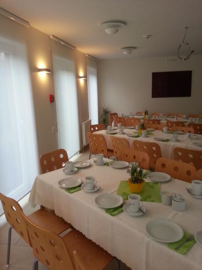 Im Erdgeschoß befindet sich ein großer Mehrzweckraum, Hier wird gemalt, gebastelt oder auf einer großen Leinwand gemeinsam ferngesehen. Während der Fussball-WM wurde hier mit Knabbereien und Getränken gemeinsam mitgefiebert. Auch Geburtstagsfeiern mit allen Angehörigen und Freunden können hier gemütlich gefeiert werden.
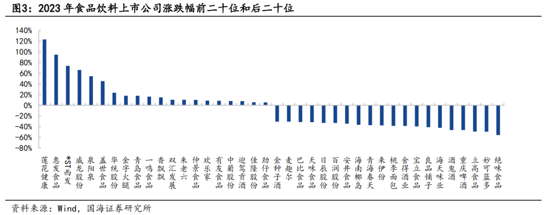 3、大众品:全年看大众品表现承压,估值下探。从全年大众品子版块涨跌幅看,软饮料(+1.68%)和肉制品(+0.11%)涨幅靠前,啤酒(-31.71%)、调味品(-30.19%)、预加工食品(-29.34%)领跌。软饮料主要受益于2023年户外、旅行等场景的快速恢复,高股息个股如养元饮品、元祖股份、承德露露、有友食品、双汇发展均在2023年跑出较为明显的超额收益。2023年餐饮端弱复苏,C端居家消费占比高的个股面临高基数压力,渠道的分化叠加竞争的加剧使得调味品、预加工食品相关龙头个股表现承压。性价比消费当道,居民消费更加理性,客单价相对较高、偏可选属性的个股如绝味食品、妙可蓝多修复有所承压。总结来看,提升供应链效率、积极进行产品创新是当前需求弱复苏、竞争加剧背景下的破局之道。相对来说,小企业更具创新环境,新品、新渠道带动的增量弹性更大,低估值/高分红/低位稳固的行业龙头也有望在弱势市场中跑出绝对收益。从估值角度看,多数大众品标杆企业估值分位数已经至20%以下,我们认为短期的悲观预期已经反应在股价里,长期看性价比凸显。建议两条选股思路:1)成长方向:2024年收入增速有望达到20%+,估值切换后回报空间具备吸引力,如百润股份、安井食品、甘源食品、盐津食品、劲仔食品、千味央厨、东鹏饮料;2)稳健+高分红:基本面有边际改善趋势的个股,如伊利股份、安琪酵母、洽洽食品、元祖股份。
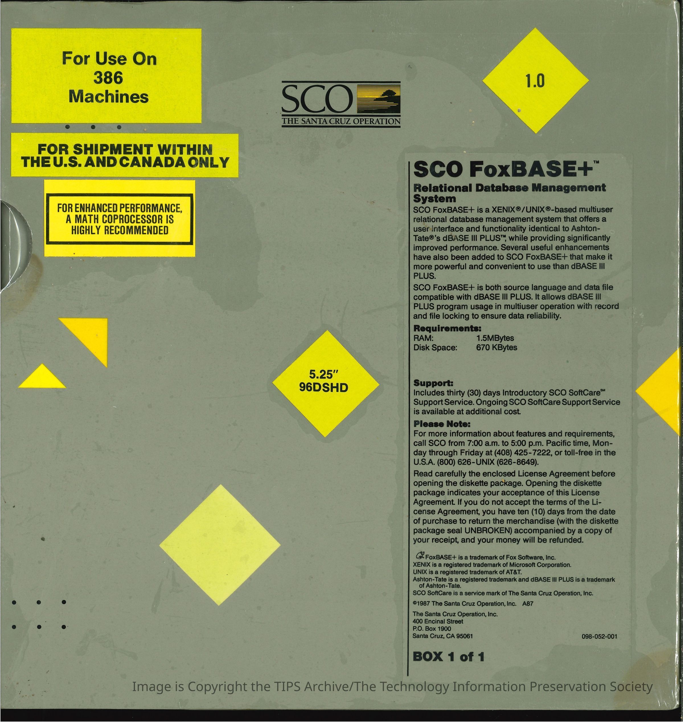 Requires the SCO XENIX or UNIX 386 Operating System, 1.5MBytes of RAM and 670KBytes of fixed disk space.
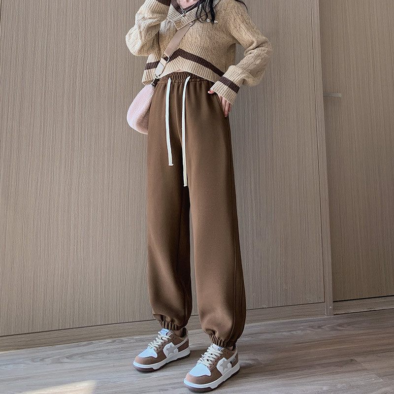 여성용 짙은 회색 레깅스 스타일 스포츠 팬츠 2025 가을 겨울 신상 기모 안감 루즈핏 드레이프 슬림핏 캐주얼 바지 방풍 팬츠스토어 가기
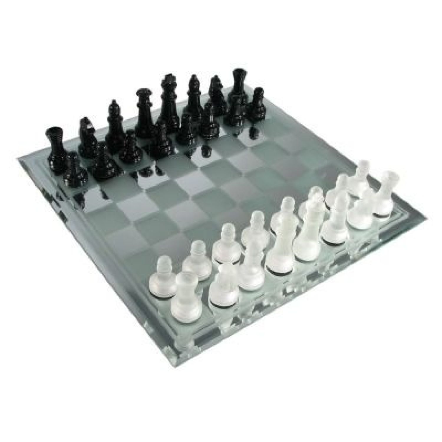 The glass chess pieces are a frosted and transparent, designating each side of play.

Problem to solve ▸ The copy should hold exactly the lines from the line containing "여성용 짙은 회색 레깅스" through the end of the data, both ends included, and no pictures.

Finished task ▸
 여성용 짙은 회색 레깅스 스타일 스포츠 팬츠 2025 가을 겨울 신상 기모 안감 루즈핏 드레이프 슬림핏 캐주얼 바지 방풍 팬츠스토어 가기
 The glass chess pieces are a frosted and transparent, designating each side of play.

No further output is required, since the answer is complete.